I woke up today with a sense of irrational happiness. Looking at the facts today was:
a) a Monday morning
b) that meant that the lovely lovely weekend was over with the lovely lovely friends and the lovely lovely party
c) Monday is a going into work day which means getting on the train and commuting to London
d) And then getting on the tube (for which read fighting your way to overcrowded underground train) to get to the office
e) And at the office a huge (and I mean inches and inches) report awaited to be looked at
f) And its a boring report.
But despite all that I just felt disgustingly, obscenely happy. The sun was shinning (well this morning at least), and although I had to commute on the train it meant I could listen to the ipod, and read the paper and my book. I even thought I might see some deer from the train which always brightens the train journey. Ok I didn't see any deer but the point was I was so optimistic I thought I might.

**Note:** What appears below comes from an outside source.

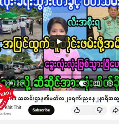နေပြည်တော်မှာငလျင်ထပ်လှုပ်ပြီး စစ်ရှုံးချုပ် ပြိုကျကာ စစ်ခေါင်းဆောင် မိသားစုလိုက်သေဆုံးသွားတယ်လို့ ဆိုထားတဲ့ ဗွီဒီယိုတွေ ယူကျူ့ချန်နယ်တခုက ဖြန့်ဝေထားရာ ပျံ့နှံ့မှုအားကောင်းနေတယ်။ သတင်းတု တခုသာဖြစ်တယ်။ ပျံ့နှံ့မှုအားကောင်းနေတဲ့ ဗွီဒီယိုပို့စ်တခုက ရယူထားတဲ့ စခရင်ရှော့ဓာတ်ပုံနဲ့ စာသားကောက်နုတ်ချက်ကို အောက်မှာကြည့်ပါ။ အလားတူတဲ့ မျှဝေမှုကို ဒီနေရာမှာလည်း တွေ့ရတယ်။ “နေပြည်တော် အပြင်းထန်ဆုံး ငလျင်ထပ်လှုပ် စစ်ရှုံးချုပ် ပြိုကျပြီး စစ်ခေါင်းဆောင်ပါ သေဆုံး နေပြည်တော် အပြင်းထန်ဆုံး ငလျင်ထပ်လှုပ်၊ စစ်ရုံးချုပ် ပြိုကျပြီး စစ်ခေါင်းဆောင် မိသားစုလိုက် အလောင်းပျောက်စီး” Original link | Archive link အချက်အလက်စိစစ်ချက် ဗွီဒီယိုဖြန့်ဝေထားတဲ့ “Khit Thit Thadin”ယူကျူ့ချန်နယ်ဟာ လုပ်ကြံရေးသားပြောဆိုမှုတွေနဲ့ သတင်းမီဒီယာတွေက သတင်းတွေကို ရောနှော ဖြန့်ချိတာ၊ မီဒီယာတွေမှာဖော်ပြခဲ့ပြီးဖြစ်တဲ့ သတင်းတွေကို သတင်းခေါင်းစဉ်တုတပ် […]

Even the huge report failed to dampen my spirits. Normally in such circumstances I resort to comfort eating at desk. But today, despite the fact I had taken credit crunch lunch in with me, I exercised self-control and refrained from eating it before 11.30am - something of a record. Lord I felt good.
But I suppose the worst good thing was that I actually started smiling at people on the tube. Ok the first time it was by mistake because I was listening to a particularly funny podcast but it was such fun I just carried on. The range of reactions was so entertaining. From complete "I can't see the mad woman smiling at me and will therefore stare straight through her", to embarrassment, to confused smiles in return. It totally brightened my morning
On days like today I can take on the world. So today I can see myself fighting the local education authority and making sure that youngest has the education she needs; I can see that in his own dysfunctional way the Prince of Darkness does love me; I can see that whatever happens life is full of possibilities and new adventures.
So if tomorrow isn't like today I am going to read this post and remember how strong a little optimism can make me feel.